During a trip, Francine traveled x percent of the total distance at an average speed of 40 miles per hour and the rest of the distance at an average speed of 60 miles per hour. In terms of x, what was Francine's average speed for the entire trip?

A. (180 - x) /2
B. (x + 60) /4
C. (300 - x ) / 5
D. 600 / (115 - x )
E. 12,000 / ( x + 200)

winniethepooh wrote:During a trip, Francine traveled x percent of the total distance at an average speed of 40 miles per hour and the rest of the distance at an average speed of 60 miles per hour. In terms of x, what was Francine's average speed for the entire trip?

A. (180 - x) /2
B. (x + 60) /4
C. (300 - x ) / 5
D. 600 / (115 - x )
E. 12,000 / ( x + 200)

An important thing to realize here in terms of making the problem easier is that it doesn't actually matter at all how long the trip was, since how these speeds will weigh against each other is determined exclusively by their weight relative to each other. So we may as well say that the trip was 100 miles long, just to make it easy since there are percents here. In that case, we've got d=rt --> r = d/t, and here, we break the distance up into two parts, d1 and d2 (d1 representing the portion traveled at 40mph and d2 representing the portion traveled at 60mph. Overall avg rate = (total distance)/(total time). We'll break the time up in the same fashion into t1 and t2. So, again supposing that the trip is 100 miles long,

d1 = x miles t1 = d1/r1 = x/40
d2 = 100-x miles t2 = d2/r2 = (100-x)/60
d"total" = 100 t"total" = t1 + t2 = x/40 + (100-x)/60 = 3x/120 + (200-2x)/120 = [3x+(200-2x)]/120 = (x+200)/120

avg. rate = (total distance)/(total time) = 100/[(x+200)/120] = 100 * [120/(x+200)] = 12000/(x+200).

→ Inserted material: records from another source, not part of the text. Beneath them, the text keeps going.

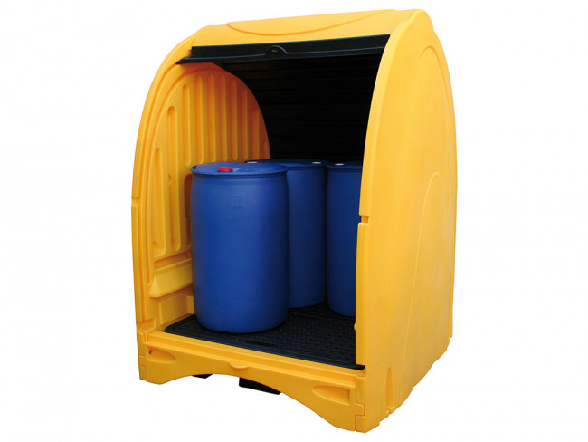 Cet abri de stockage avec rétention convient pour stocker et protéger les fûts, les bidons et vos contenus contre les intempéries et les vandalismes.
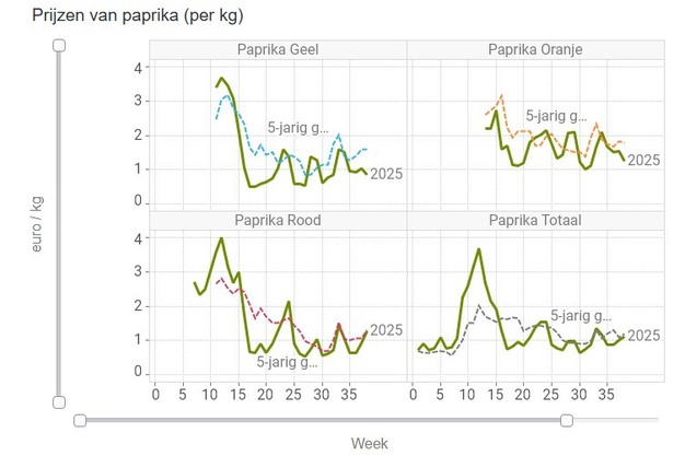 Gele en groene paprika's zien eveneens een prijsdaling. Gele paprika's daalden van €1,028 naar €0,859/kg en groene paprika's van €0,952 naar €0,854/kg. Rode paprika's stegen echter in prijs van €0,934 naar €1,274/kg.
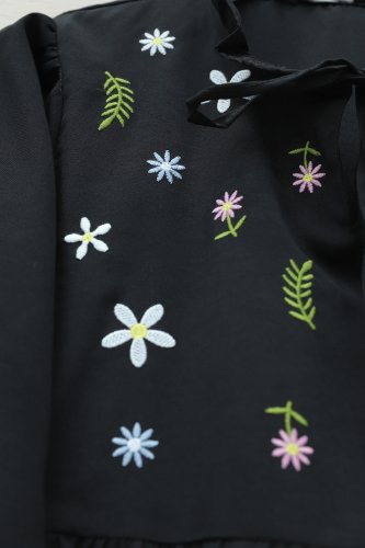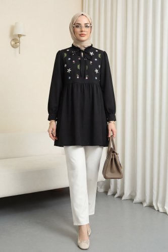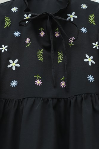 • V Yaka Bağlamalı Yakası Fırfırlı Çiçek Nakışlı Poplin Tunik Siyah
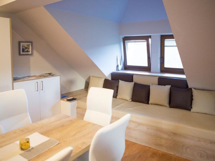 "Vila Lesce apartament dla 5 Gości", 2-room apartment 45 m2 on 2nd floor. Renovated in 2017, practical and comfortable furnishings: living/dining room with sloping ceilings with 1 bed, 1 double bed, kitchen corner, shower/WC, satellite TV and air conditioning. 1 room with sloping ceilings with 2 beds.
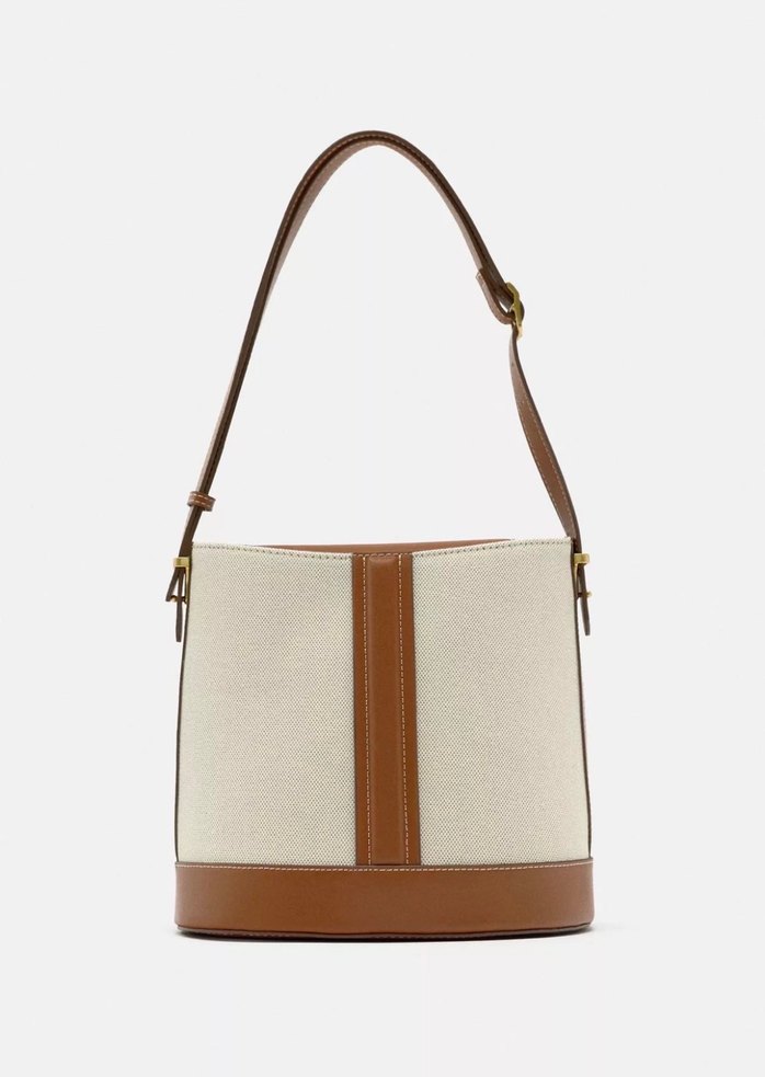 Bej deri kemer detaylı kadın çanta, minimalist ve çağdaş tasarıma sahip. Hafif ve desensiz, günlük kullanım için uygun.
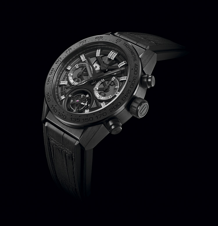 | 2. TAG Heuer Carrera Heuer-02T Tourbillon «Black Phantom» Limited edition CAR5A8Z. FC6377: модель «all black» ограниченной серии в количестве 250 индивидуально пронумерованных экземпляров: титановый корпус с чёрным покрытием из карбида титана всех его металлических элементов, чёрный керамический безель с серой тахиметрической шкалой; чёрный циферблат с условными часовыми индексами, стрелками и счётчиками хронографа из титана чёрного цвета, с серой надписью «COSC» между отметками «8 и 9 часов»; чёрный кожаный ремешок, титановая раскладывающаяся застёжка с чёрным покрытием из карбида титана, предохранительными кнопками и символом марки «TAG Heuer». | |
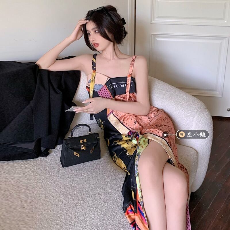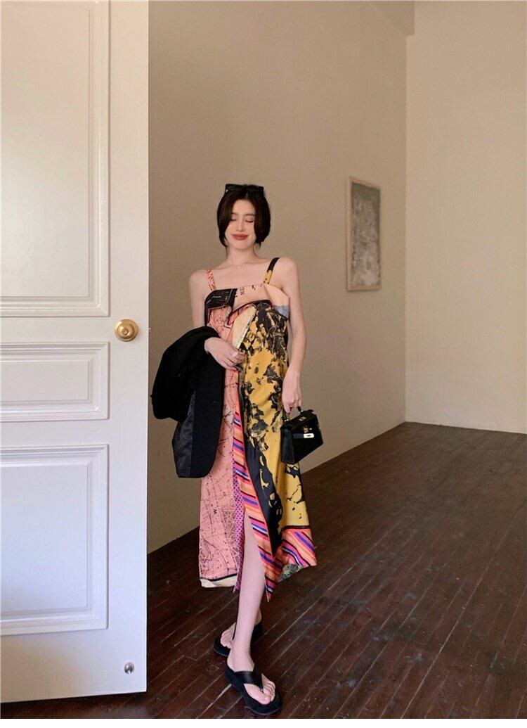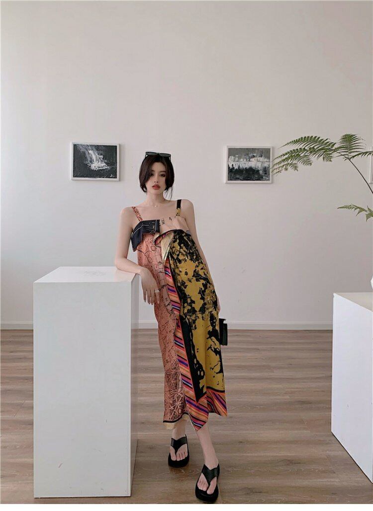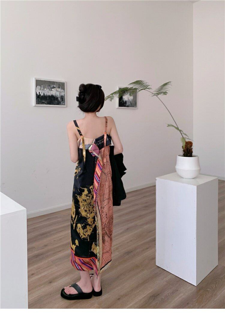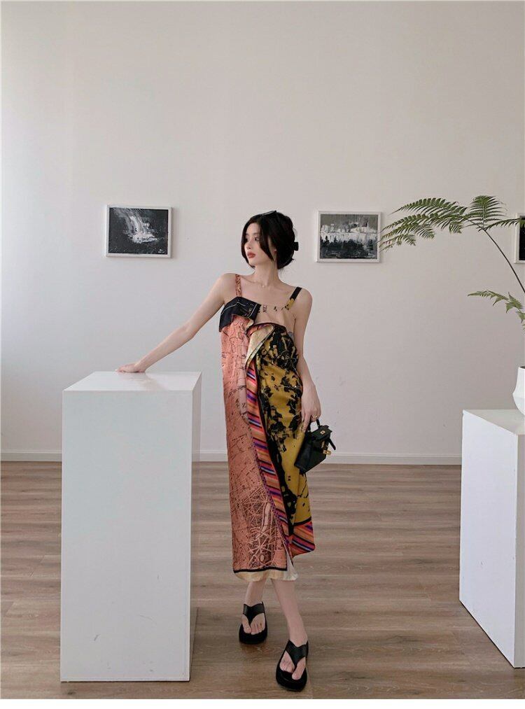 レディース夏服ロングスカート 夏物 シルキー サテン ワンピース コーデ marchs6721089389103
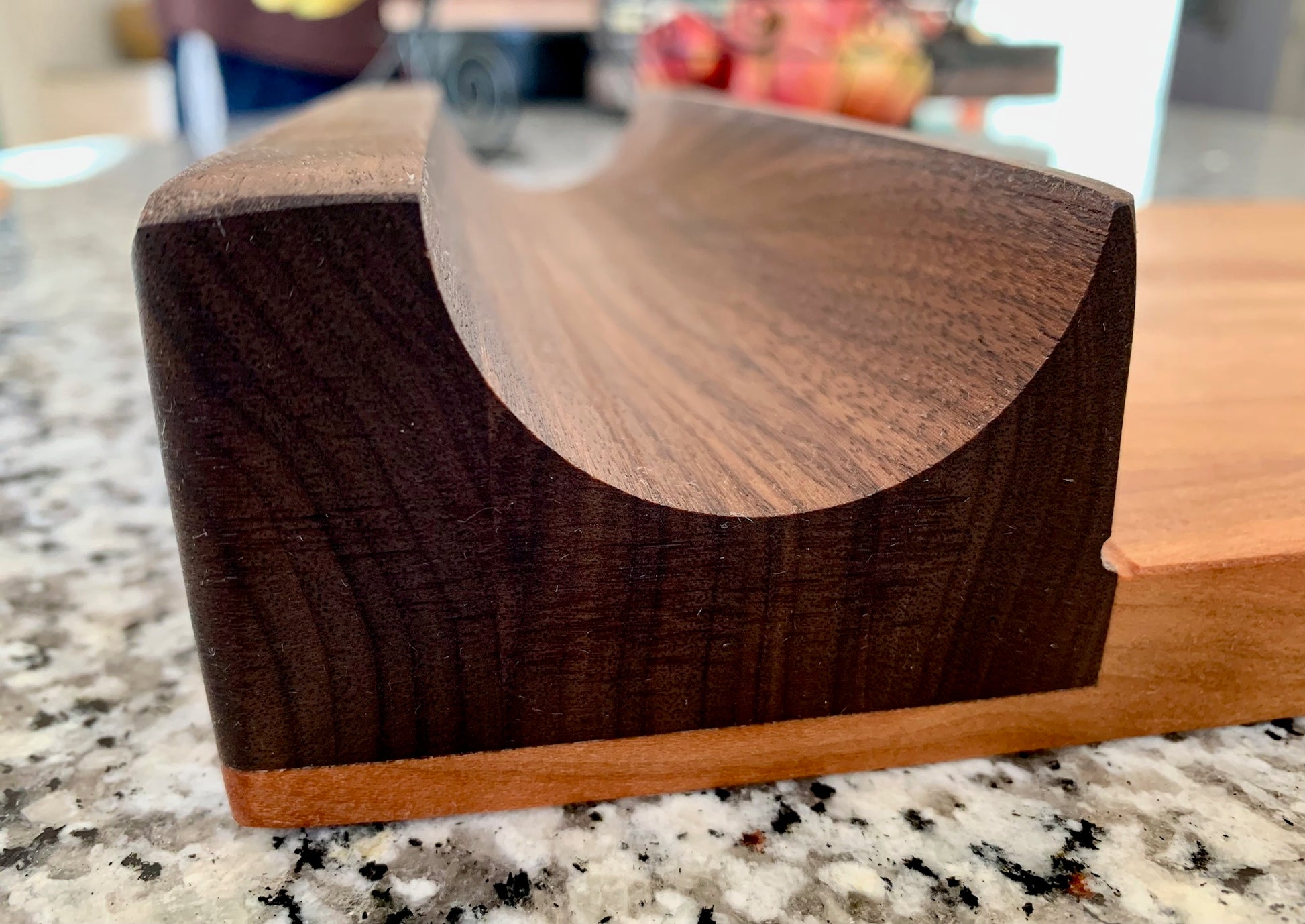 This walnut and cherry cracker tray is perfect for any occasion! The exquisite natural wood graces your kitchen with an organic elegance, and the scoop feature gives you plenty of space for an array of crackers.
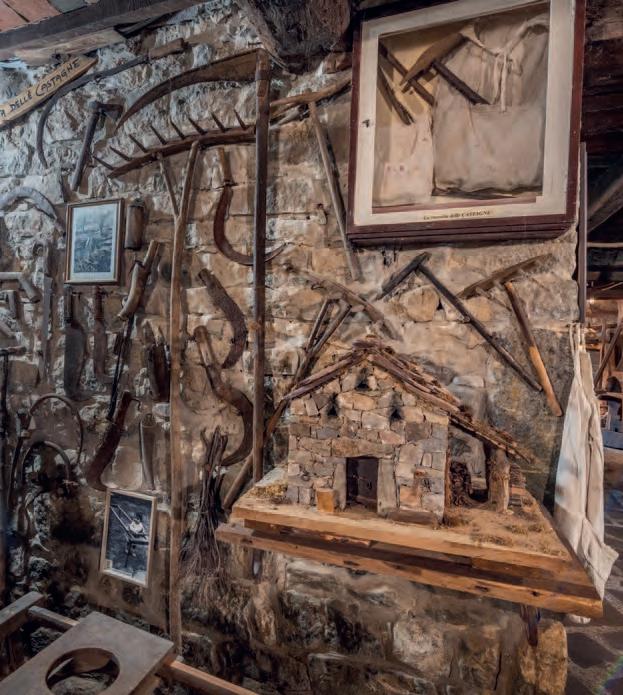 Il percorso si completa con una visita al metato (essiccatoio per le castagne), alla carbonaia e alla capanna di paglia, disseminati tra il borgo e i suoi dintorni.

It's C. Here's a quick-and-dirty way of doing this:

Assume x=50. Now her trip is 50% @ 40 mph and 50% @ 60 mph, so the average speed is midway at 50 mph. See which option gives you 50 mph if x=50. C works, so C it is.

Well, I would have done what you want (If you found one of my answers useful, amusing, or poetic, hit the shiny Thanks button and make my day); but you're wrong!

winniethepooh wrote:During a trip, Francine traveled x percent of the total distance at an average speed of 40 miles per hour and the rest of the distance at an average speed of 60 miles per hour. In terms of x, what was Francine's average speed for the entire trip?

A. (180 - x) /2
B. (x + 60) /4
C. (300 - x ) / 5
D. 600 / (115 - x )
E. 12,000 / ( x + 200)

Let x=50.
Let total distance = 240.
Since x=50, half the total distance will be traveled at 40 miles per hour, the other half at 60 miles per hour.
Time for first half = 120/40 = 3 hours.
Time for second half = 120/60 = 2 hours.
Total time = 3+2 = 5 hours.
Average speed for the whole trip = 240/5 = 48 miles per hour. This is our target.

Now we plug x=50 into the answers to see which yields our target of 48.

Only answer choice E works:
12,000 / ( x + 200) = 12,000/(50+200) = 48.

The correct answer is E.

@ Mitch, I have 2 questions:
1. Do you think this is the fastest approach?
2. In general, when a question talks about percentages, do you think assuming x=50% is a fair and safe choice?

blackjack wrote:@ Mitch, I have 2 questions:
1. Do you think this is the fastest approach?

What's fastest depends on the test-taker. Plugging in numbers certainly is an efficient way to solve this -- and many other -- problems.

2. In general, when a question talks about percentages, do you think assuming x=50% is a fair and safe choice?

Choose numbers that make the math easy.
50% makes this problem easy because then half the distance is traveled at one speed and half the distance is traveled at the other speed.
x = 10% and a total distance of 400 miles also would work well: 40 miles would be traveled at 40 miles per hour, 360 miles would be traveled at 60 miles per hour, resulting in an average speed for the whole trip of 400/7 miles per hour.